Code Sample, a copy-pastable example
$ python
Python 3.8.0 (default, Oct 28 2019, 16:14:01)
[GCC 8.3.0] on linux
Type "help", "copyright", "credits" or "license" for more information.
>>> import pandas as pd
>>> pd.__version__
'1.2.0.dev0+1137.g50b34a4a8'
>>> df = pd.DataFrame(index=range(3), columns=range(3), dtype=pd.CategoricalDtype(['foo', 'bar']))
>>> df.at[1,2] = 'foo'
>>> df
0 1 2
0 NaN NaN NaN
1 foo foo foo
2 NaN NaN NaN
It doesn't overwrite values that have been set with df.loc
:
>>> df = pd.DataFrame(index=range(3), columns=range(3), dtype=pd.CategoricalDtype(['foo', 'bar']))
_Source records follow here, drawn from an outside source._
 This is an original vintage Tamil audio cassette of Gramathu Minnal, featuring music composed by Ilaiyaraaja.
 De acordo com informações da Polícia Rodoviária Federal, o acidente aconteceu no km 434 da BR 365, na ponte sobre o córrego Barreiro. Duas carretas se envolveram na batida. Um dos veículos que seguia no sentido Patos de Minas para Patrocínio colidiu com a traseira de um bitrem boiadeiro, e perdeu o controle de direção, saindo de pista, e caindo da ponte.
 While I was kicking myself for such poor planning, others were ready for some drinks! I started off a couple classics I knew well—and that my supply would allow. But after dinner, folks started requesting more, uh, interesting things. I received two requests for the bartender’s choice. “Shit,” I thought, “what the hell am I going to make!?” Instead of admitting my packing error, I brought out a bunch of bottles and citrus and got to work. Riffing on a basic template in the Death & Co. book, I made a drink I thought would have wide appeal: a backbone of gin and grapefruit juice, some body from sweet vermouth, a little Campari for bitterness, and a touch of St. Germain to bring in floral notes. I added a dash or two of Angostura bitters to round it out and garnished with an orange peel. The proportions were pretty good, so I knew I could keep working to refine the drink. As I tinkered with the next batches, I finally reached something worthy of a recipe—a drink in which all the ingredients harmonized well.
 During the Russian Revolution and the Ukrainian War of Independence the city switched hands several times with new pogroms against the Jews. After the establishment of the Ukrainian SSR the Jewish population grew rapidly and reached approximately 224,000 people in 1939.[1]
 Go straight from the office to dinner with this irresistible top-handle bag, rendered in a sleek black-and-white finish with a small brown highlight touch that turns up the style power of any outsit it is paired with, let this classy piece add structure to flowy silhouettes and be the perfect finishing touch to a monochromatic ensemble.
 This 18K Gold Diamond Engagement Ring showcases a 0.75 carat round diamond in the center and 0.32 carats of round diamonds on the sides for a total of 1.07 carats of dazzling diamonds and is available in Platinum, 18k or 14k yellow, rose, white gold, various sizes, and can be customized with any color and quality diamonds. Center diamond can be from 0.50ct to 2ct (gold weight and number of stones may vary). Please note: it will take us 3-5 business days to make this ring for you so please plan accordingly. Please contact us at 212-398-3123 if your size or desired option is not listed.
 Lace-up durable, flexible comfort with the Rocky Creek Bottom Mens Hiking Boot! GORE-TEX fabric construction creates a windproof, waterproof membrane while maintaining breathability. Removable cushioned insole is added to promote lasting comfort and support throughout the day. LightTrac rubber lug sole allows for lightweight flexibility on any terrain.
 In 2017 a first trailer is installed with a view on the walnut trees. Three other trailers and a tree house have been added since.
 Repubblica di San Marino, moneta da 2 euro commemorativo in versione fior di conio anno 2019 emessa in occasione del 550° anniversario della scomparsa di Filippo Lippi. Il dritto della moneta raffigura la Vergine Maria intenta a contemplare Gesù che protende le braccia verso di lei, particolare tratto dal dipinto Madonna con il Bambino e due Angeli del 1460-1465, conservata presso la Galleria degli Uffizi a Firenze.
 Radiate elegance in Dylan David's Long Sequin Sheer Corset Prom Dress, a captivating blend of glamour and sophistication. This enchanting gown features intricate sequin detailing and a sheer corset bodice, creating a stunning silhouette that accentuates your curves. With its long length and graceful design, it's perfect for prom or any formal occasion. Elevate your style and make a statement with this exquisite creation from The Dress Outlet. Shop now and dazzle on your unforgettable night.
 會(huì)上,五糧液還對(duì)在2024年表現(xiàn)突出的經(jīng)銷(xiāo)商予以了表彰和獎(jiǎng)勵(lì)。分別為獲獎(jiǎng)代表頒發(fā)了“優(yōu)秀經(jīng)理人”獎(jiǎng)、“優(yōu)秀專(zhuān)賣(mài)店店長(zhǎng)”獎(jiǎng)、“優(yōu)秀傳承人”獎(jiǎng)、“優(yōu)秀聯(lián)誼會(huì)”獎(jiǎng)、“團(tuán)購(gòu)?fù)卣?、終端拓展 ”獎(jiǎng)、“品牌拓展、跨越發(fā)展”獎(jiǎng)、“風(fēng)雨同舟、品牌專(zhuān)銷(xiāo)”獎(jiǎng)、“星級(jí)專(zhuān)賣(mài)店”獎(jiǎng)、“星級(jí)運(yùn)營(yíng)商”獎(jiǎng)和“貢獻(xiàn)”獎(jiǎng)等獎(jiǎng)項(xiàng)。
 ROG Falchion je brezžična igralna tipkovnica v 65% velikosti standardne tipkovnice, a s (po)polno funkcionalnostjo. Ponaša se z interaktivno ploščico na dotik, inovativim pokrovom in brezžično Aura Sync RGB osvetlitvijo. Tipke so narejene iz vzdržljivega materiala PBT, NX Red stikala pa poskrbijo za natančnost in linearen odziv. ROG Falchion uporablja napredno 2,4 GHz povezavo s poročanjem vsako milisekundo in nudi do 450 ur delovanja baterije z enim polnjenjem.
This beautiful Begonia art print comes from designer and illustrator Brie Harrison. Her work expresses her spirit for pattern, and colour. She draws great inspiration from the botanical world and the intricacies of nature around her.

>>> df.loc[1,1] = 'bar' # not necessary, just for demo
>>> df.at[1,2] = 'foo'
>>> df
0 1 2
0 NaN NaN NaN
1 foo bar foo
2 NaN NaN NaN
Problem description
df.at[x, y] = v
on a categorical dtype should behave as with other dtypes, and the same as df.loc[x, y] = v
.
Expected Output
The same as what happens with a DF initialized with None
s:
>>> df = pd.DataFrame([[None] * 3] * 3, index=range(3), columns=range(3), dtype=pd.CategoricalDtype(['foo', 'bar']))
>>> df.loc[1,1] = 'bar'
>>> df.at[1,2] = 'foo'
>>> df
0 1 2
0 NaN NaN NaN
1 NaN bar foo
2 NaN NaN NaN
Or as with dtype=float
:
>>> df = pd.DataFrame(index=range(3), columns=range(3), dtype=float)
>>> df.loc[1,1] = 1
>>> df.at[1,2] = 27
>>> df
0 1 2
0 NaN NaN NaN
1 NaN 1.0 27.0
2 NaN NaN NaN
Output of pd.show_versions()
INSTALLED VERSIONS
- ------------------
- commit : 50b34a4
- python : 3.8.0.final.0
- python-bits : 64
- OS : Linux
- OS-release : 5.4.0-52-generic
- Version : fillna bug #57~18.04.1-Ubuntu SMP Thu Oct 15 14:04:49 UTC 2020
- machine : x86_64
- processor : x86_64
- byteorder : little
- LC_ALL : None
- LANG : en_US.UTF-8
- LOCALE : en_US.UTF-8
- pandas : 1.2.0.dev0+1137.g50b34a4a8
- numpy : 1.19.4
- pytz : 2020.4
- dateutil : 2.8.1
- pip : 20.2.4
- setuptools : 50.3.2
- Cython : None
- pytest : None
- hypothesis : None
- sphinx : None
- blosc : None
- feather : None
- xlsxwriter : None
- lxml.etree : None
- html5lib : None
- pymysql : None
- psycopg2 : None
- jinja2 : None
- IPython : None
- pandas_datareader: None
- bs4 : None
- bottleneck : None
- fsspec : None
- fastparquet : None
- gcsfs : None
- matplotlib : None
- numexpr : None
- odfpy : None
- openpyxl : None
- pandas_gbq : None
- pyarrow : None
- pyxlsb : None
- s3fs : None
- scipy : None
- sqlalchemy : None
- tables : None
- tabulate : None
- xarray : None
- xlrd : None
- xlwt : None
- numba : None